Re: [PB5.62] SQLite variable binding

Post by skywalk »

Please do not post to BUGS if you are unsure. :idea:
You are mixing PB database commands and SQLite dll commands.
Read about SetDatabaseString() and queries like:
"SELECT ?1,?2 FROM Keywords ORDER BY Word,Item"
The nice thing about standards is there are so many to choose from. ~ Andrew Tanenbaum
Top
Marc56us
Addict
Addict
Posts: 1479
Joined: Sat Feb 08, 2014 3:26 pm

Re: [PB5.62] SQLite variable binding

Post by Marc56us »

From what I understand, it works in all cases, however, the placeholder content is "evaluated/controlled" before integrating the SQL string, so a text like "IN(" will not work in this case since the system expects a variable and not an SQL statement

Based on the example
https://www.purebasic.com/documentation ... se.pb.html

Code: Select all

         ; OK
         ; SetDatabaseString(0, 0, "pear")  
         ; If DatabaseQuery(0, "SELECT * FROM food WHERE name=?")    
         
         ; KO
         SetDatabaseString(0, 0, "name=pear")  
         If DatabaseQuery(0, "SELECT * FROM food WHERE ?")    
             While NextDatabaseRow(0)
                 Debug GetDatabaseString(0, 0)
             Wend
         EndIf
But maybe I misunderstood.

So doesn't seem to be a bug. Can a moderator move this topic to 'Coding Question' ? Thank you :wink:
Top
Yuri_D
User
User
Posts: 68
Joined: Wed Apr 13, 2016 7:39 am

Re: [PB5.62] SQLite variable binding

Post by Yuri_D »

@skywalk
Ok, thanks, I'll go that way next time but I used only a PB documentation to create my code and according to PB help Example
"Bind variables with SQLite and ODBC
; SQLite and ODBC shares the same syntax for bind variables.
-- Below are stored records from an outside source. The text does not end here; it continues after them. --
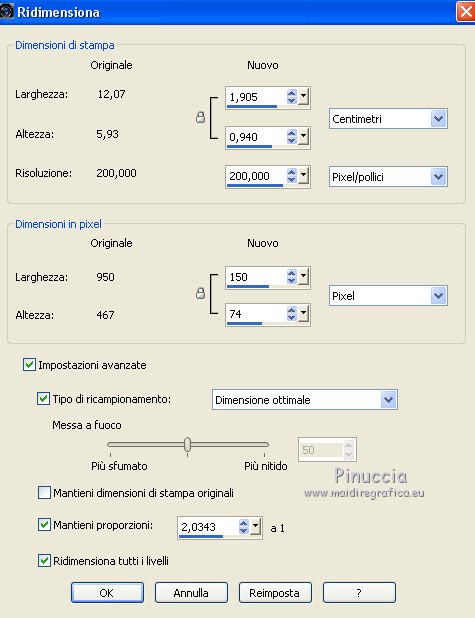 Immagine>Ridimensiona, 150 pixels di larghezza, tutti i livelli selezionato.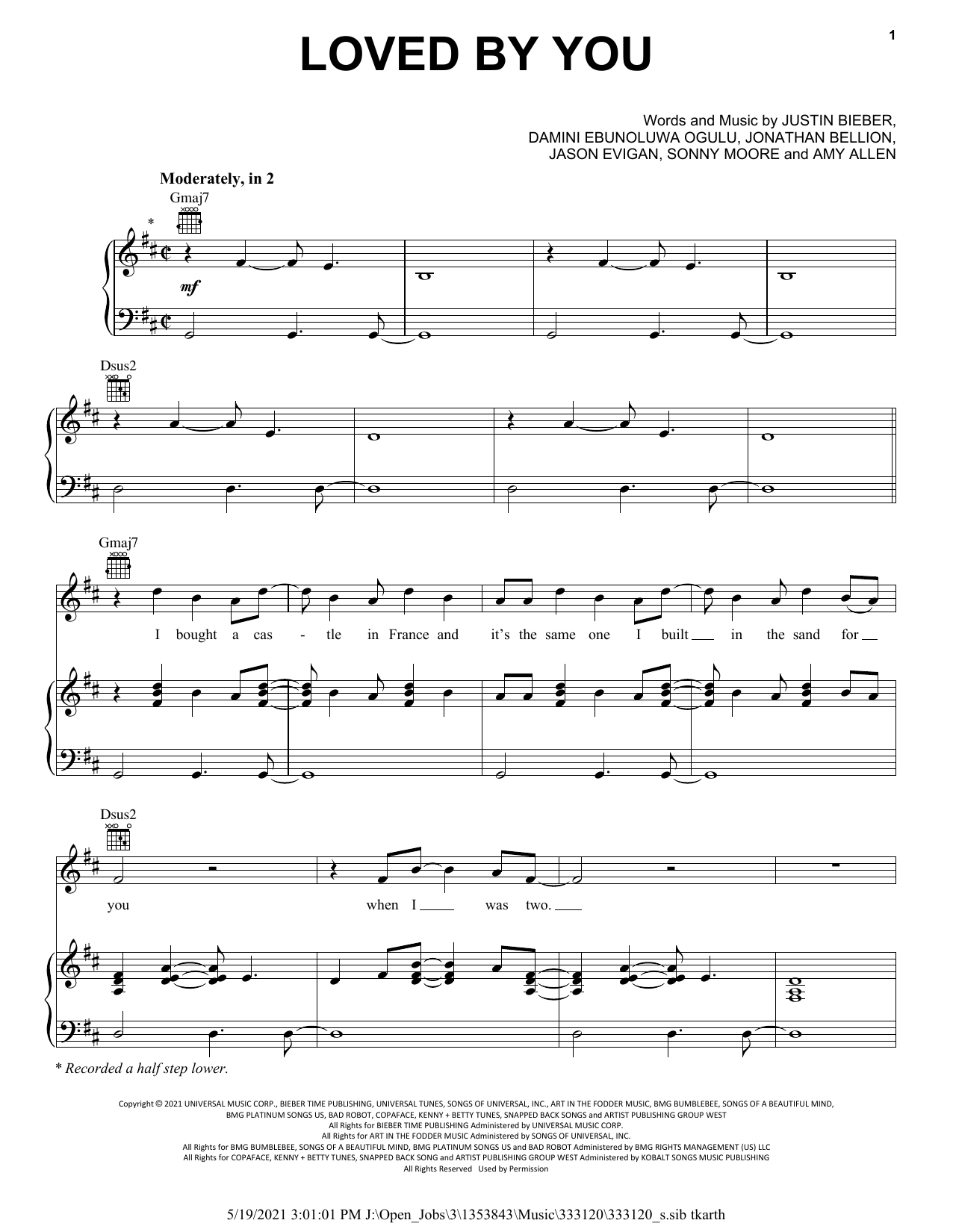 Download or print Justin Bieber Loved By You (feat. Burna Boy) sheet music, chords and digital score arranged for Piano, Vocal & Guitar Chords (Right-Hand Melody). This Pop score includes 7 page(s).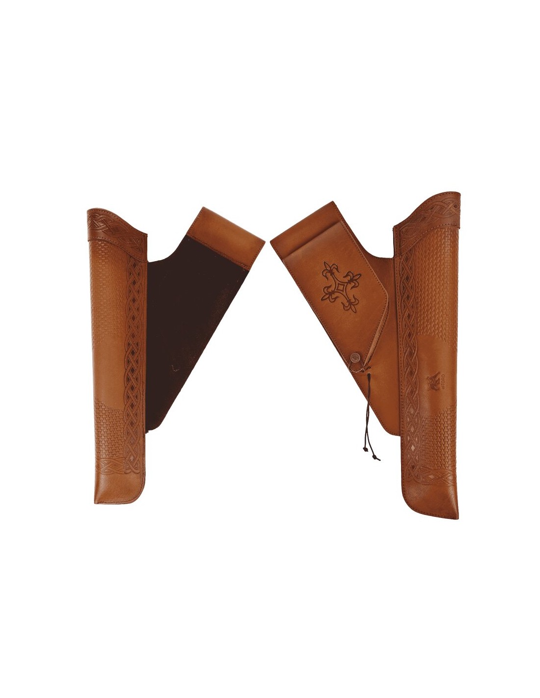 The elToro PRIME Brea side quiver is hand made of robust, high-quality smooth leather and impresses with punctured ornaments that run across the entire quiver. Particularly striking is the lily cross on the accessory pocket and the scale-like structure on the quiver, reminiscent of chain mail. All together, this gives the quiver a discreet elegance.

It is indicated by the '?' character
..."

@Marc56us
Maybe, but my IMHO is: PB and SQLite shall not care about the string content and SQLite actually didn't because I can successfully enter "IN(1,2,3,4)" and any other query-like sentences into a DB with help of any database browser so I suspect a bug
Top
Fred
Administrator
Administrator
Posts: 16687
Joined: Fri May 17, 2002 4:39 pm
Location: France
Contact:
Contact Fred

Re: [PB5.62] SQLite variable binding

Post by Fred »

Moved back to bug for more investigation
Top
Marc56us
Addict
Addict
Posts: 1479
Joined: Sat Feb 08, 2014 3:26 pm

Re: [PB5.62] SQLite variable binding

Post by Marc56us »

Small example for investigation (based on pb sample)
(hope this help)

Code: Select all

; ------------------------------------------------------------
;
;   PureBasic - Database example file
;
;    (c) Fantaisie Software
;
; ------------------------------------------------------------
;

UseSQLiteDatabase()

Procedure CheckDatabaseUpdate(Database, Query$)
    Result = DatabaseUpdate(Database, Query$)
    If Result = 0
        Debug DatabaseError()
    EndIf
    
    ProcedureReturn Result
EndProcedure

DatabaseFile$ = GetTemporaryDirectory() + "Database.sqlite"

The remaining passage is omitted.